**Problem to solve**
Each line from the one containing "Käyttöönotto on yksinkertaista: täytä" through the final line of the data below must be repeated exactly.

--- START ---

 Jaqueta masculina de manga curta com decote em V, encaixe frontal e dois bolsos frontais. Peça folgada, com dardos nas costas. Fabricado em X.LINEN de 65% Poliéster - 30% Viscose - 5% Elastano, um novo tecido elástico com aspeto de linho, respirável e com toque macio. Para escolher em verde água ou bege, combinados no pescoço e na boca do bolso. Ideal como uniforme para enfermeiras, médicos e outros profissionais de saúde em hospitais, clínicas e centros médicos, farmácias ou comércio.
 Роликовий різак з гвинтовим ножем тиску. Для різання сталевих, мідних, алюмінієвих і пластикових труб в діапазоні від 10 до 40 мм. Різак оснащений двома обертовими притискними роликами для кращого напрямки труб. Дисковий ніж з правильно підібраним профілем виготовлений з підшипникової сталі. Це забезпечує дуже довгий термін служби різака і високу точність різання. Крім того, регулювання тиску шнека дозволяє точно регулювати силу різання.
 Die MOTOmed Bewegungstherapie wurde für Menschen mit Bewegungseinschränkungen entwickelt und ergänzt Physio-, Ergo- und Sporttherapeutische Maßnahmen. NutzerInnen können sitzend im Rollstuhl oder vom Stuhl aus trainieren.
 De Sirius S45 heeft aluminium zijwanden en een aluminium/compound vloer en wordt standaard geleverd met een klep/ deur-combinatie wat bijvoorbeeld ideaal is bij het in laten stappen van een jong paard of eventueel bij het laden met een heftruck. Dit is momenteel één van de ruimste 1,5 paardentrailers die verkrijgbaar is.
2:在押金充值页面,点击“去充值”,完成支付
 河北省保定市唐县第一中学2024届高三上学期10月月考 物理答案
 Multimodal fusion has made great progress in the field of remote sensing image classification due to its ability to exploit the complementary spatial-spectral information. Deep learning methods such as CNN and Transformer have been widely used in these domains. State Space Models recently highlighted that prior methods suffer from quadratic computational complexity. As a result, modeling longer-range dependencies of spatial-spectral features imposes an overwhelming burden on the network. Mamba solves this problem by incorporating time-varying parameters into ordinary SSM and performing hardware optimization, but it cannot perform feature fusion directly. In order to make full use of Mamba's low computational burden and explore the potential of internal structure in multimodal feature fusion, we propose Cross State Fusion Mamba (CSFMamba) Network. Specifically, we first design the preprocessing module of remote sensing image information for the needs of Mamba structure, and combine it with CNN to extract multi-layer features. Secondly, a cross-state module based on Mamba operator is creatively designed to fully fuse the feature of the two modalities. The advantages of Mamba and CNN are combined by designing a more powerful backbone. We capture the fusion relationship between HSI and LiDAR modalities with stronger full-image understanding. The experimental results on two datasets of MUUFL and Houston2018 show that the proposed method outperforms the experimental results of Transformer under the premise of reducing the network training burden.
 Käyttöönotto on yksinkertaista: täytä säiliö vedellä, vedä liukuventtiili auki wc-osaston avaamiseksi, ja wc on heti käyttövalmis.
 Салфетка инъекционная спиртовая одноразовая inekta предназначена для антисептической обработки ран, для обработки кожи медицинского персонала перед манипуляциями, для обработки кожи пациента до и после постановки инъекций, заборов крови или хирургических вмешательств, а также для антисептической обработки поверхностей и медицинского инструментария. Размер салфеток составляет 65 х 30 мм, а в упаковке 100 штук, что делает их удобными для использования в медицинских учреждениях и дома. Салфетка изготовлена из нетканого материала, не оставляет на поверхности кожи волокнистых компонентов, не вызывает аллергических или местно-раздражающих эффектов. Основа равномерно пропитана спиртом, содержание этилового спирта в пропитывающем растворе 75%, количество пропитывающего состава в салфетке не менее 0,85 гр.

--- END ---

**Final answer**
 Käyttöönotto on yksinkertaista: täytä säiliö vedellä, vedä liukuventtiili auki wc-osaston avaamiseksi, ja wc on heti käyttövalmis.
 Салфетка инъекционная спиртовая одноразовая inekta предназначена для антисептической обработки ран, для обработки кожи медицинского персонала перед манипуляциями, для обработки кожи пациента до и после постановки инъекций, заборов крови или хирургических вмешательств, а также для антисептической обработки поверхностей и медицинского инструментария. Размер салфеток составляет 65 х 30 мм, а в упаковке 100 штук, что делает их удобными для использования в медицинских учреждениях и дома. Салфетка изготовлена из нетканого материала, не оставляет на поверхности кожи волокнистых компонентов, не вызывает аллергических или местно-раздражающих эффектов. Основа равномерно пропитана спиртом, содержание этилового спирта в пропитывающем растворе 75%, количество пропитывающего состава в салфетке не менее 0,85 гр.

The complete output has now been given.